As a child of the 1970s, Achinoam Nini grew up listening to Paul Simon, Joni Mitchell, the Police, and other popular Western artists, as well as the Yemeni music her grandmother loved. She wasn’t all that interested in classical music. But last year, the Israeli singer and musician, known to fans as Noa, released an album called Letters to Bach, which pairs her original vocals with classic works by the composer. In a recent workshop on campus, Noa and Gil Dor '75, her longtime collaborator, discussed the project in conversation with Berklee President Roger H. Brown and Boston Conservatory at Berklee faculty member Andrew Shryock

Noa and Gil Dor performed several pieces from Letters to Bach.
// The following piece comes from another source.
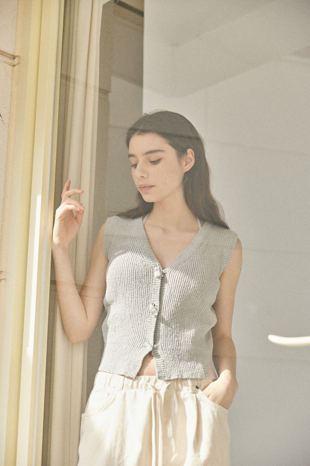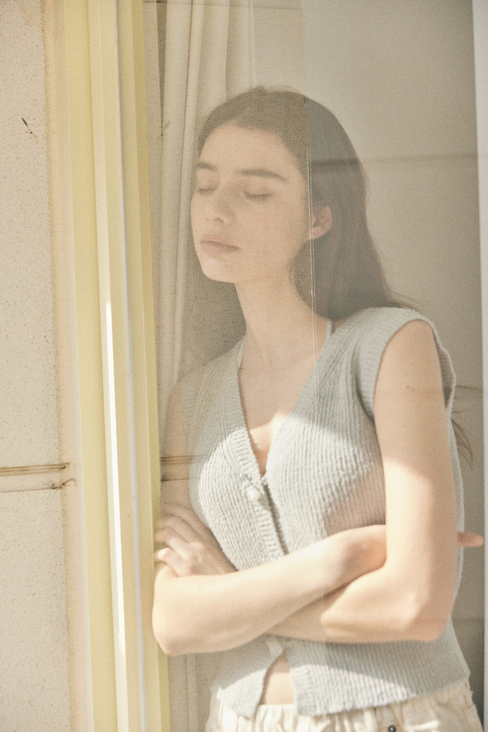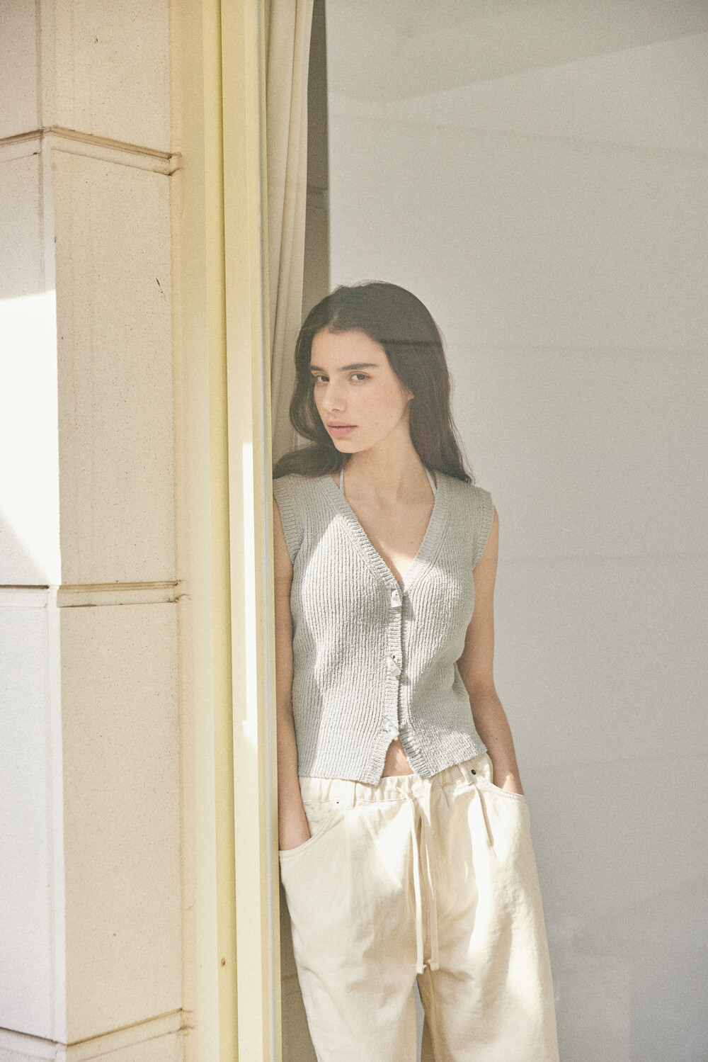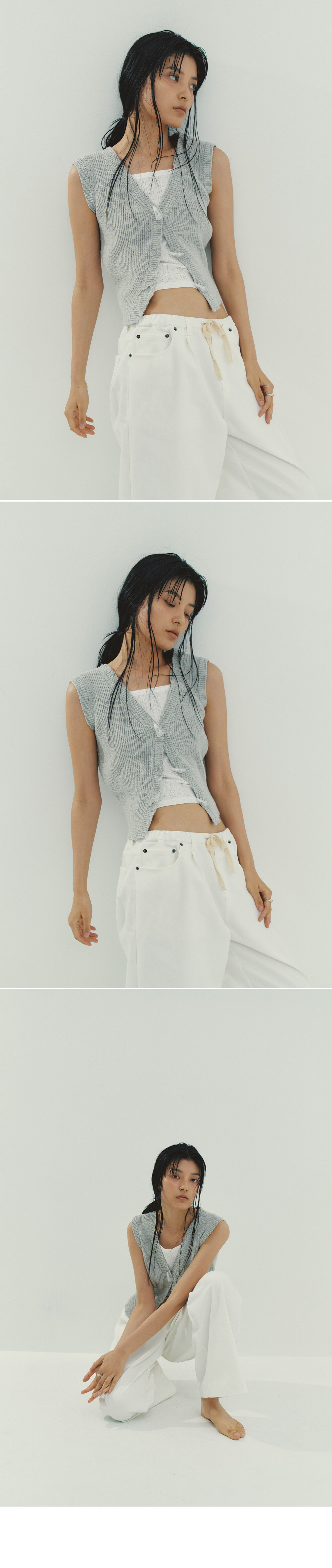 물빛을 담은 마블링 토글 단추를 사용한 브이넥 베스트 가디건 입니다.
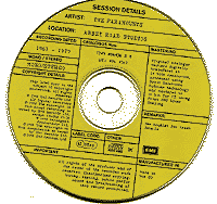 | This originally styled CD label is what studio work-up sheets looked like in days of old. Again, the attention to detail is laudable. Track listings, dates, times and all manner of studio sundry can be found. The CD is as much fun to look at as it is to listen to. | ![]() |

“Music is our sword of light,” Noa told the assembled students, many of whom share her Israeli heritage. She talked about her background, her childhood in New York City, and her decision to move back to Israel at age 16: “I think the contradictions in my life were always so huge that I needed somewhere to process them. That’s why I became a musician.”

Dor spoke about his own similarly varied experiences, including a stint at Berklee in the 1970s before he moved to New York to pursue a musical career. He praised the complex structure of many Bach pieces, likening the polyphony in some compositions to “the atoms of carbon in a diamond.” Noa compared its layers to “geology,” saying, “The more you listen to music, the more you turn to classical and say, ‘That’s f***ing amazing.’” The two performed several pieces from Letters to Bach, including “Look at Me,” which Noa wrote from the perspective of two women on either side of the Israeli-Palestinian border. Her lyrics are set to the Largo movement of Bach's Concerto No. 5 in F minor. 

While Noa acknowledged that her songs are informed by politics, feminism, and many other influences, she pointed students back to the thing itself: “I’m always thinking about how to produce the best sound that will serve the music,” she said.